(Beginning of Records supplied)

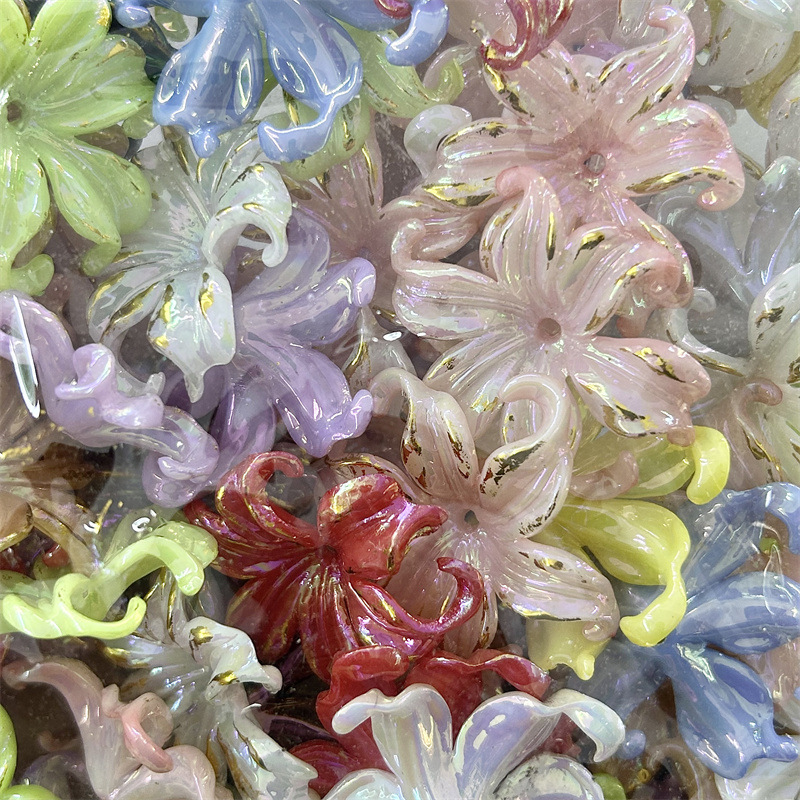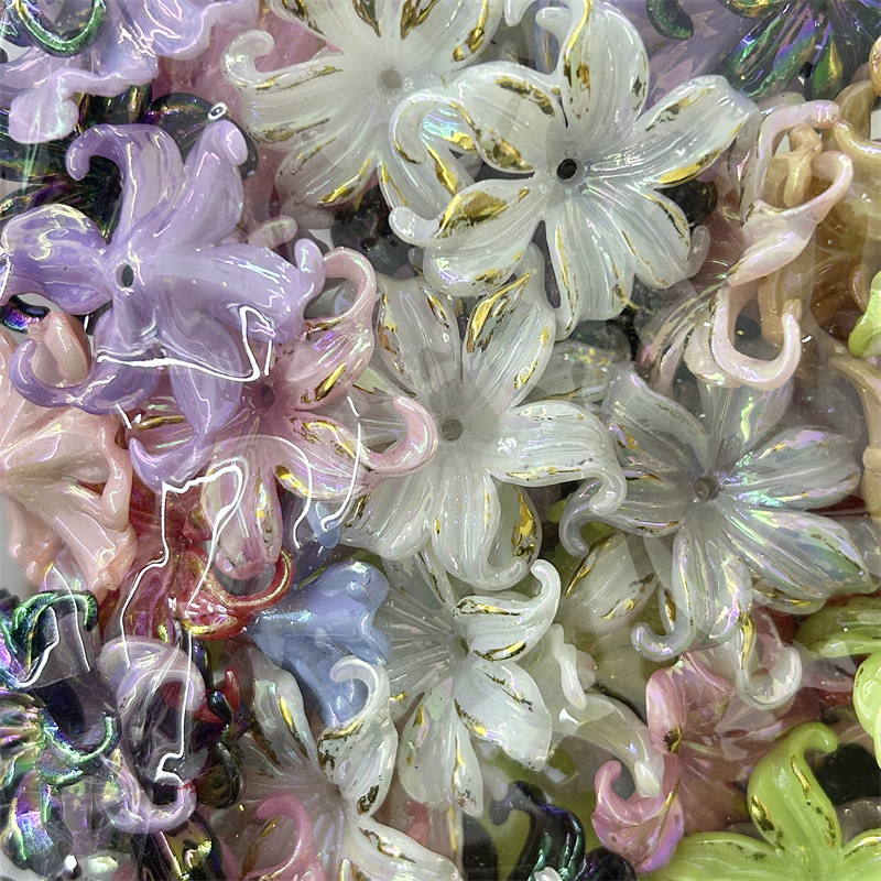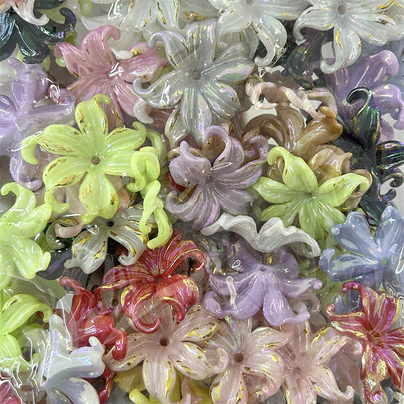 Pendentif bijoux acrylique, fleur, DIY, couleurs mélangées, 43mm, Vendu par PC
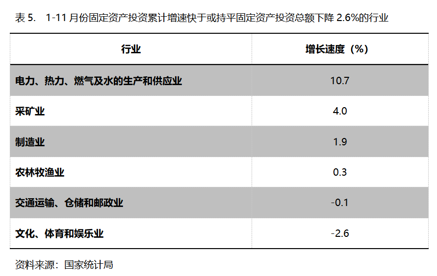 1-11月份,固定資產(chǎn)投資累計(jì)增速快于或持平固定資產(chǎn)投資總額下降2.6%的行業(yè)共6個(gè),即電力、熱力、燃?xì)饧八纳a(chǎn)和供應(yīng)業(yè)增長(zhǎng)10.7%,采礦業(yè)增長(zhǎng)4.0%,制造業(yè)增長(zhǎng)1.9%。農(nóng)林牧漁業(yè)增長(zhǎng)0.3%,交通運(yùn)輸、倉(cāng)儲(chǔ)和郵政業(yè)下降0.1%,文化、體育和娛樂(lè)業(yè)下降2.6%。
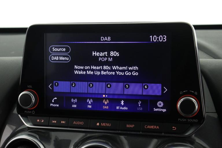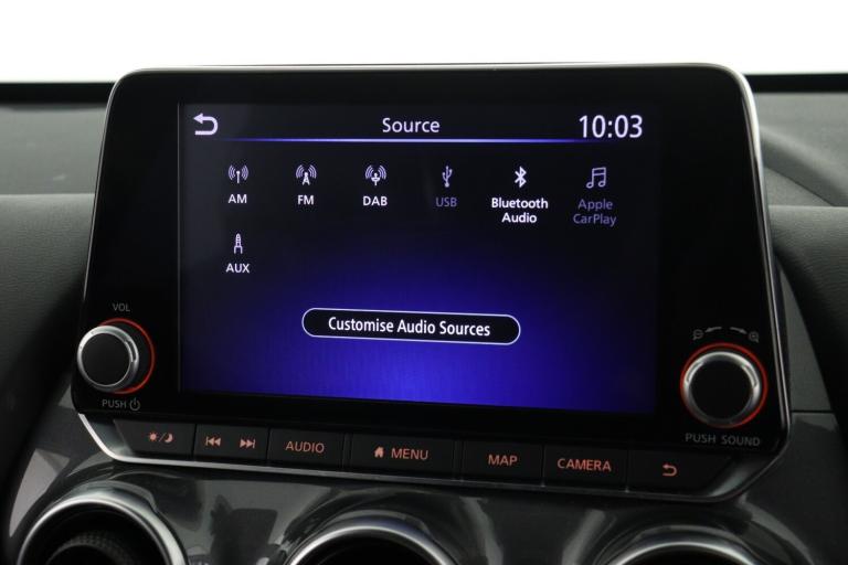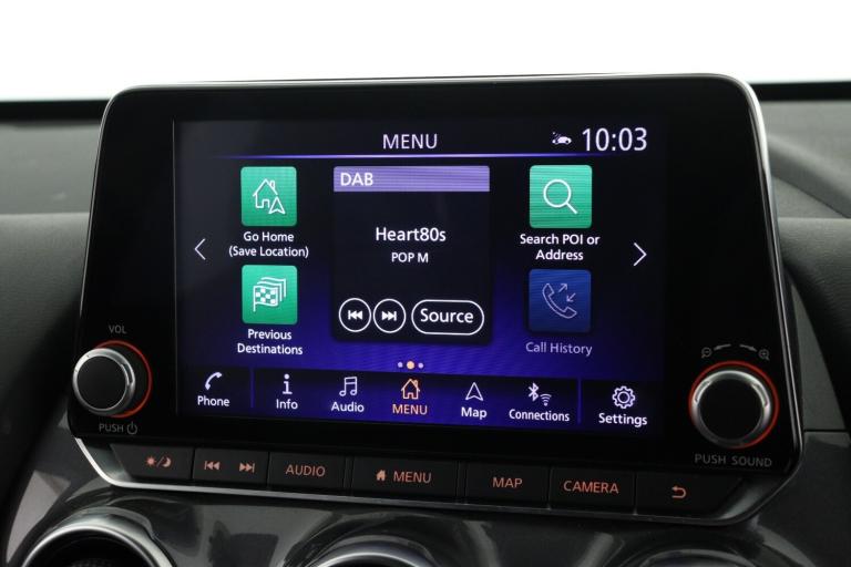 ..7'' full colour TFT screen combimeter, Apple CarPlay and Google Android auto, Drive modes select (Eco, normal and sport), Emergency and breakdown call, Front parking sensor, Idle start/stop system, Intelligent lane intervention, Lane departure warning system, Nissan connect 8'' touch screen entertainment system, Nissan connect nav with TomTom traffic, Nissan connect services and Wifi connection, Outside temperature sensor, Power Steering, Rear parking sensor, Traffic sign recognition, Trip computer, Voice recognition, Gasoline particulate filter, 10 Bose speakers 6 speakers and 2 headrest speakers for driver/passenger seats, Bluetooth system, USB, Aux-in and 12V socket, Bose personal sound stage control, DAB Digital radio, Rear console USB port, Auto dimming interior rear view mirror, Auto headlights, Automatic hazard signal with emergency stop signal, Body colour bumpers, Body colour door handles, Electrically adjustable door mirrors with integrated indicators, Follow me home headlights, Front and rear electric window with one touch driver window, Heated and auto folding door mirrors, High beam assist, LED daytime running lights, LED front fog lights, LED headlamps, LED rear fog lamp, LED rear lamps, Rain sensor windscreen wipers, Rear privacy glass, Rear side wing doors, Rear wiper, Thermaclear heated windscreen, Three blink turn signal, 3 height adjustable rear headrests, 3 seat bench in 2nd row, 60/40 split folding rear seat, Automatic climate control, Card holder on driver sunvisor, Door ambient lighting, Driver and passenger sliding and reclining seats, Driver seat back pocket, Driver side rear coat hanger, Driver/passenger sunvisors and vanity mirrors, Front and rear cabin lights, Front armrest, Front door pockets with bottle holders, Front head restraints, Front passenger isofix child seat anchorage point, Front/rear passenger grab handles, Gear console ambient circle lighting, Grey synthetic leather kneepad, Heated front seats, Height adjustable driver's seat, Height adjustable passenger seat, Internal chrome door handles, Leather gearshift knob, Leather steering wheel, Luggage board, Luggage space lighting, Monoform sporty seats, Multifunction steering wheel, Passenger seat back pocket, Rear door bottle holders, Single front passenger seat, Steering wheel mounted gearshift paddles, Synthetic leather upholstery, Telescopic steering wheel adjustment, Two cupholders in front centre console, Two rear isofix child seat anchorage points with top
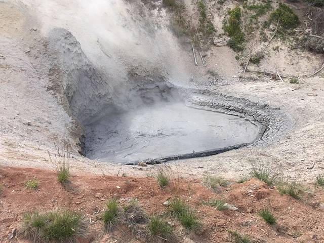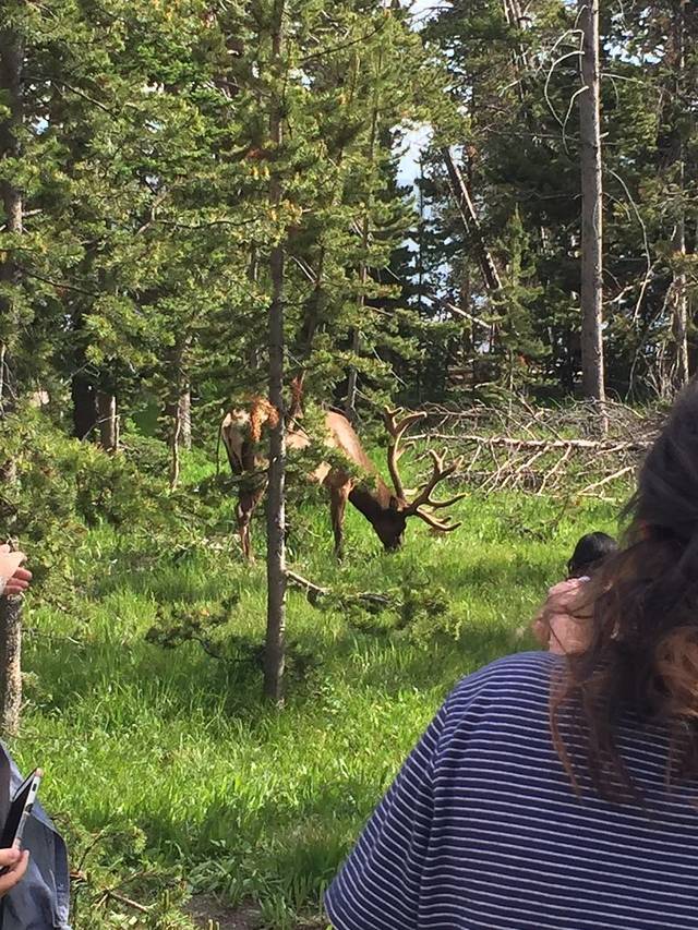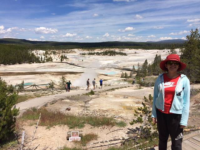 在老忠实那又看了一回喷发,还碰巧遇到一只牦牛在老忠实喷泉里吃草,它累了就往边上一坐,就坐在距离观台50米出,看着里三层外三层的人们给它和喷泉一起合影拍照,好极了呢!
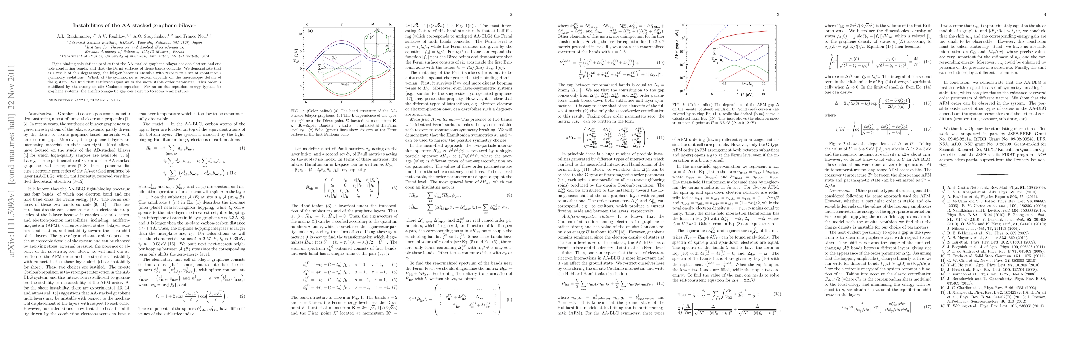 Researchers show that AA-stacked graphene bilayer is unstable due to degenerate electron and hole conducting bands, leading to spontaneous symmetry violations, with antiferromagnetism being the more stable order parameter.
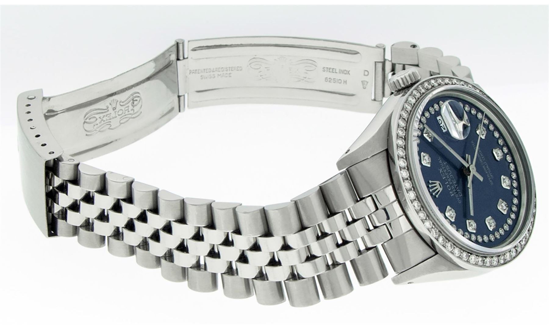 One Men's Rolex Stainless Steel Datejust Polished Bright with Satin Finish, This Watch Has Been Serviced & Electronically Tested, Stainless Steel Case: 36mm, Stainless Steel Crown, Custom Bezel: Stainless Steel Beadset Diamond Bezel, Diamond Count: 54 Diamonds, Total Weight 1.00 Carat, Clarity: SI-VS, Color: G to H. Custom Crystal: New Synthetic Sapphire Cyclops Lens. Custom Hands: New Luminescent Hands. Movement: Automatic Winding Movement. Custom Dial: Blue String Diamond Dial, Diamond Count: 58 Diamonds In Dial, Color: G to H, Clarity: VS2-SI1. Date Window: 3 O'Clock Position Date Display, Quickset, Model: Datejust. Condition: G-6 Extra Fine. Bracelet: Stainless Steel Jubilee Band. Bright Polish & Satin Finish. 7.0 Inch Length, Adjustable. Standard Clasp, With Rolex Logo. This Watch Has Been Serviced Time Tested And Is In Excellent Condition It Is Free Of All Scratches And Dents.
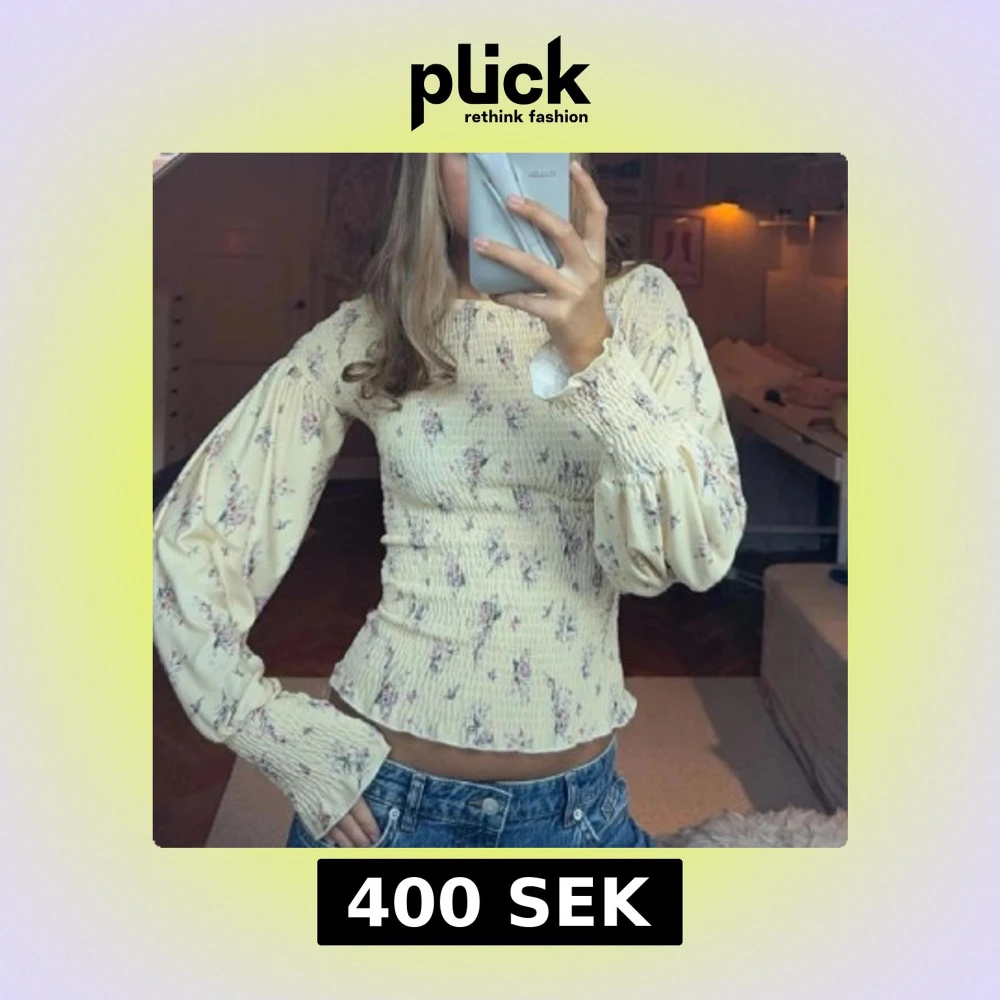 Säljer en söt blommig ribbad topp i ljusgul färg. Toppen har långa ärmar och en tight passform med volangdetaljer vid ärmslut och nederkant. Perfekt för en romantisk look!
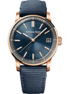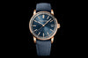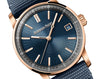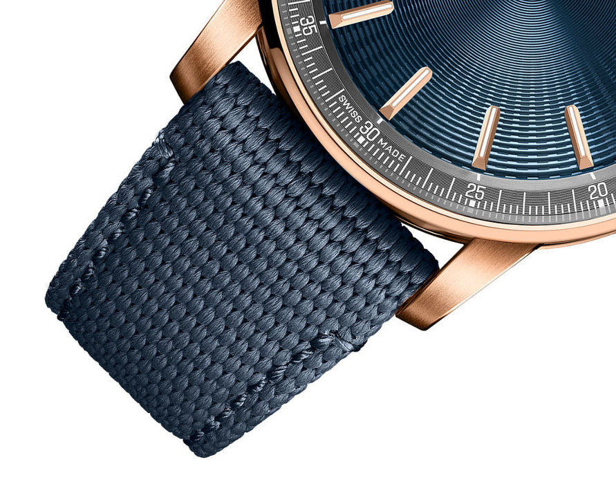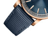 Bracelet: Blue rubber-coated strap with 18K Rose Gold pin buckle.
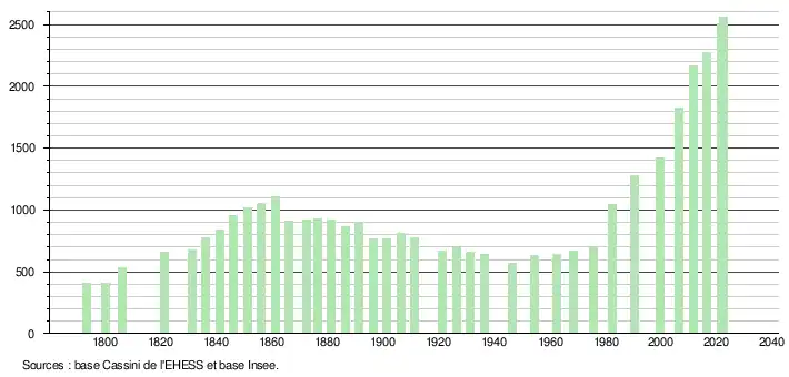 L'évolution du nombre d'habitants est connue à travers les recensements de la population effectués dans la commune depuis 1793. Pour les communes de moins de 10 000 habitants, une enquête de recensement portant sur toute la population est réalisée tous les cinq ans, les populations de référence des années intermédiaires étant quant à elles estimées par interpolation ou extrapolation[24]. Pour la commune, le premier recensement exhaustif entrant dans le cadre du nouveau dispositif a été réalisé en 2006[25].
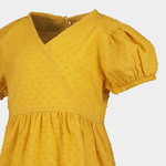 This yellow textured dress with short sleeves and tiered design was made to show off her cuteness! Dress her up in this dress with pumps and she will be ready for any occasion.
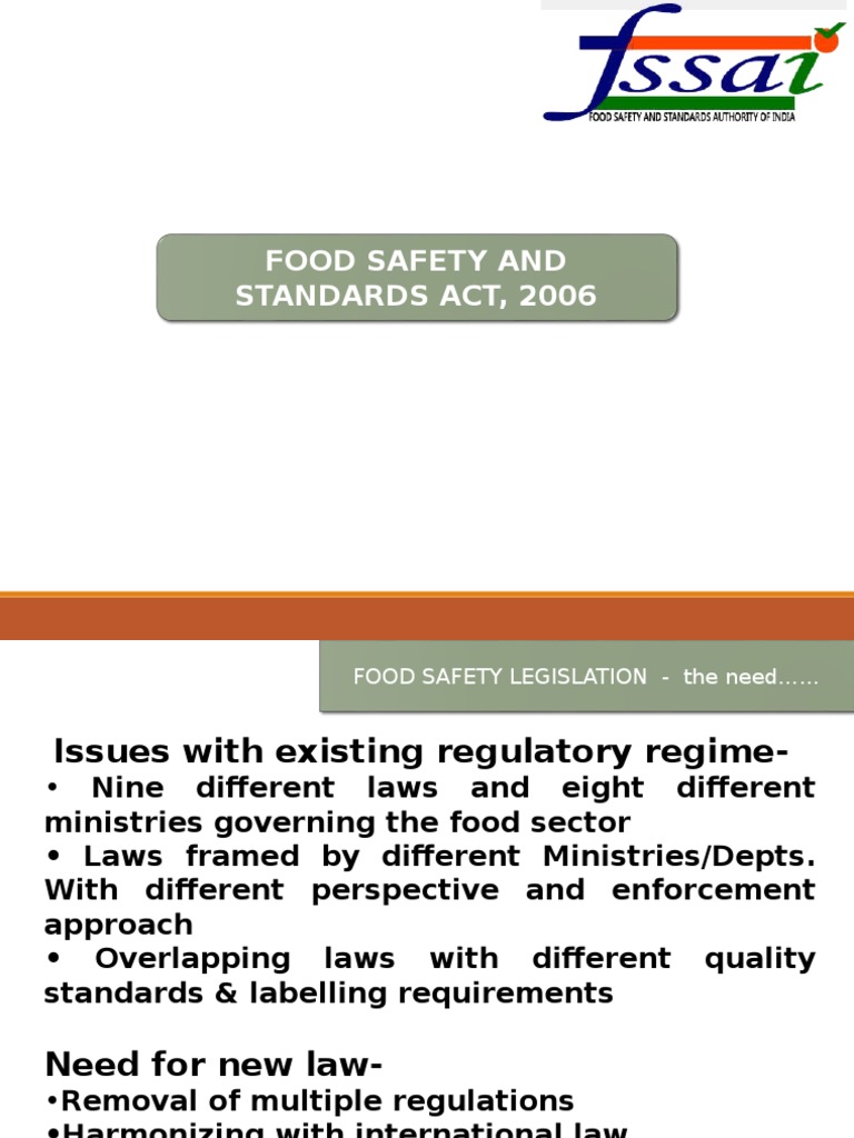FOOD SAFETY LEGISLATION - the need

(End of Records supplied)

## [Directions for this task]
Starting with the opening line of the listing, write out each line exactly until the line that contains "1-11月份,固定資產(ch" has been included; skip the pictures.

## [Reply to the exercise]
 Pendentif bijoux acrylique, fleur, DIY, couleurs mélangées, 43mm, Vendu par PC
 1-11月份,固定資產(chǎn)投資累計(jì)增速快于或持平固定資產(chǎn)投資總額下降2.6%的行業(yè)共6個(gè),即電力、熱力、燃?xì)饧八纳a(chǎn)和供應(yīng)業(yè)增長(zhǎng)10.7%,采礦業(yè)增長(zhǎng)4.0%,制造業(yè)增長(zhǎng)1.9%。農(nóng)林牧漁業(yè)增長(zhǎng)0.3%,交通運(yùn)輸、倉(cāng)儲(chǔ)和郵政業(yè)下降0.1%,文化、體育和娛樂(lè)業(yè)下降2.6%。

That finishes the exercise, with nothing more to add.